MEMORANDUM OPINION REGARDING DEBTOR’S OBJECTIONS TO PROOFS OF CLAIM NUMBER 38, 39, AND 40

JEFF BOHM, Bankruptcy Judge.

I. Introduction

Sour grapes and hindsight do not a lawsuit make. Three investors have filed proofs of claim in this Chapter 11 case alleging that they were induced to purchase class B shares in a limited partnership by way of a prospectus that contains omissions of material fact in violation of the Texas Securities Act. The investors contend that the debtor is personally liable for these omissions as a “control person” of the general partner of the limited partnership. More specifically, the investors complain that the prospectus does not expressly disclose (a) that the holders of class A shares may transfer shares among themselves; and (b) that the general partner may replace members of the investment committee. The debtor has objected to the investors’ proofs of claim on the grounds that the prospectus does disclose these details.

For the reasons set forth below, the Court agrees with the debtor. The material facts that the investors contend were not disclosed in the prospectus were, in fact, conspicuously disclosed. That the pro *200 spectus does not contain a prominent warning that the general partner’s broad management authority would be the harbinger of doom for the partnership does not translate to securities fraud. The debtor’s objection should be sustained, and the investors’ claims should be disallowed.

II. Findings of Fact

The Offering

1. On May 5, 2006, W.C. Perry Properties, L.P. (Perry Properties or the Partnership), by and through its general partner, W.C. Perry Brokerage Services Group, LLC (Perry Brokerage or the General Partner), issued a confidential Private Placement Memorandum (the Memorandum). [Debt- or’s Exhibit No. 2.]
2. On page 3 of the Memorandum, a history of Perry Properties is described:
Founded in 2000, Perry Properties is a private, real estate brokerage, development and consulting firm specializing in a variety of real estate services to investors, developers and institutional owners.

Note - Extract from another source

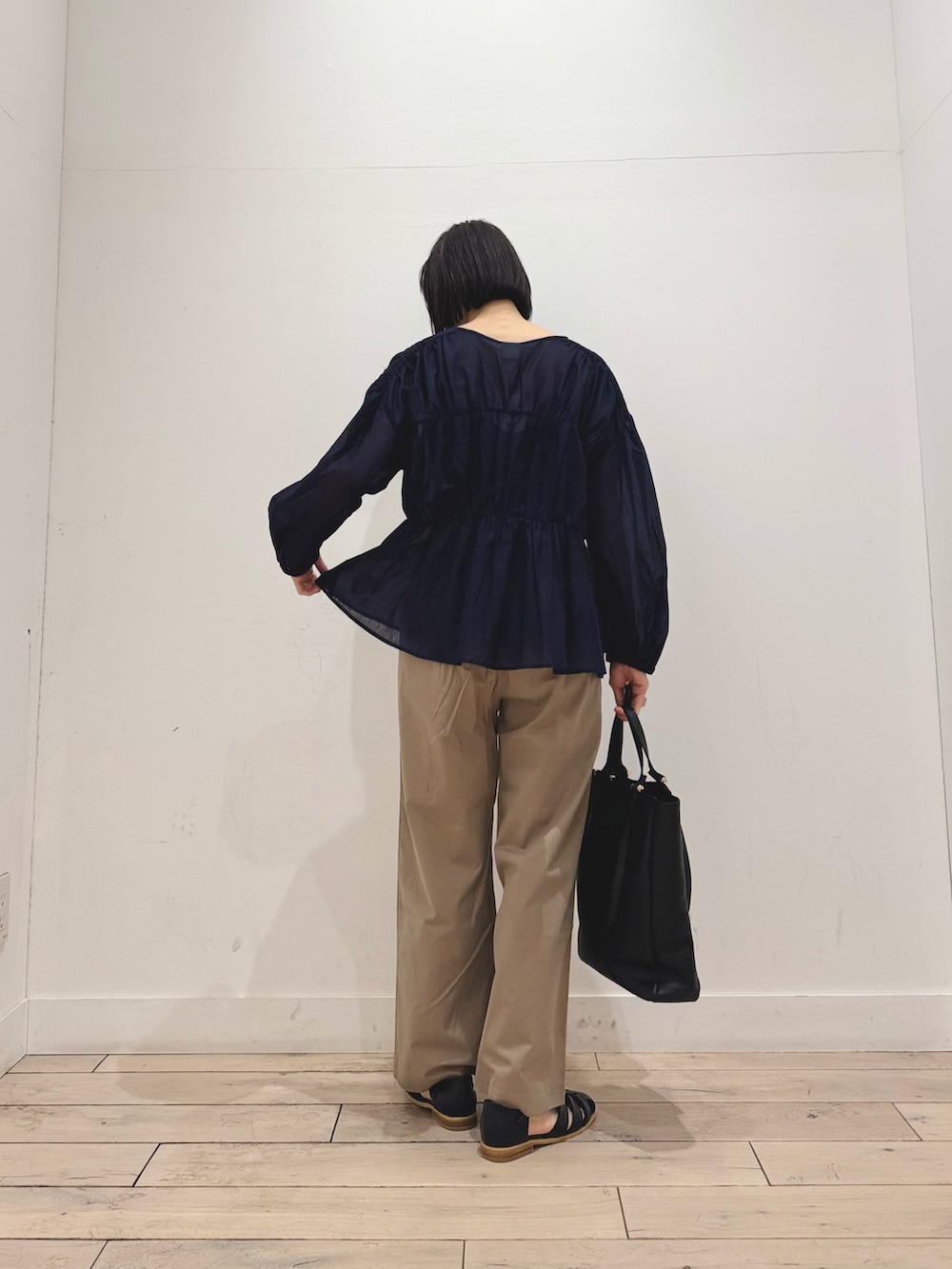 軽やかな印象でそのままVネックのブラウスとしてはもちろん、前を開けてかわいらしいシルエットの羽織としてもおすすめです☺️

In addition to third party brokerage activities, Perry Properties was created to focus on the sourcing, planning and development of real estate assets ranging from commercial office buildings to retail and single-family lot development through, among other things, its investment in and relationship with W.C. Perry Properties Realty Fund, L.P. Perry Properties currently has 9 full-time employees and five brokers that are independent contractors of the Partnership.
[Debtor s Exhibit No. 2.]
3.On page 1 of the Memorandum, the initial limited partners of Perry Properties were disclosed as follows:
Initial Initial Capital Ownership Name of Limited Partner Contribution Interest
1. Perry Brokerage $10.00 1.00%
2. Will Perry $336.60 33.66%
3. Costa Bajjali $327.70 32.67%
4. Whitney Leigh Wallace 1996 Sub-S Trust $163.35 16.335%
5. Jacquelyn Marie Wallace 1996 Sub-S Trust $163.35 16.335%
[Debtor’s Exhibit No. 2.]
4.Additionally, on page 1 of the Memorandum, the offering is described as follows:
The existing limited partners of the Partnership [i.e. Perry Properties] are listed below. In connection with this offering, the existing partners and the investors purchasing Class B Units in this offering will execute an Amended and Restated Limited Partnership Agreement of the Partnership, a copy of which is attached hereto marked “Exhibit A” (the “Partnership Agreement”). Pursuant to the terms of the Partnership Agreement, each of Will Perry, Costa Bajjali, Whitney Leigh Wallace 1996 Sub-S Trust and Jacqueline Marie Wallace 1996 Sub-S Trust (both of which trusts are affiliates of David Wallace) will become Class A Limited Partners holding Class A Units of limited partnership interest (“Class A Units”) having the ownership interests in the Partnership, assuming the sale of all Class B Units pursuant to this offering, as reflected in the second table below:
INITIAL CAPITAL CONTRIBUTION UNITS INITIAL OWNERSHIP INTEREST PARTNER Class A Limited Partners
0.90% 1. Perry Brokerage CO © o ©
30.294% 2. Will Perry J — 1 bo
*201 3. Costa Bajjali 326.70 117.6 29.403%
4. Whitney Leigh Wallace 1996 Snb-S Trust 163.35 58.8 14.701%
5. Jacqueline Marie Wallace 1996 Sub-S Trust 163.35 58.8 14.702%
Class B Limited Partners 1. New Investors $1,000,000 40.0 10.00%
TOTAL $1,001,000 400.0 100.00%
[Debtor’s Exhibit No. 2.]
5. On page 2, the Memorandum contains a description of what it means to be a Class B limited partner:
The Class B limited partners are the persons subscribing for Class B limited partnership interests in this offering (the “Class B Units”) as Class B limited partners of the Partnership (the “Class B Limited Partners”) and accepted by the General Partner. The rights, attributes, obligations and preferences of the Class B Units, along with the Class A Units, are fully set forth in the Partnership Agreement ...
Terms
The Partnership is seeking to raise one million dollars ($1,000,000) through the sale of Class B Units. The minimum purchase of a Class B Limited Partner will be 2 Class B Units or $50,000, although individual commitments of lesser amounts may be accepted at the discretion of the General Partner. Generally speaking, each Class B Unit should represent 0.25% of the Partnership as of the closing of this offering and should have the other preferences described herein and in the Partnership Agreement.
The intended use of the proceeds from this offering is for general Partnership operations, certain debt repayments and working capital. The Class B Units will accrue a preferred return of 8% per annum, which shall be payable by the Partnership monthly, provided that if at any time there is insufficient available cash to pay such preferred return, it shall accrue and be payable immediately upon cash being available to pay all or any portion of such accrued and unpaid amounts.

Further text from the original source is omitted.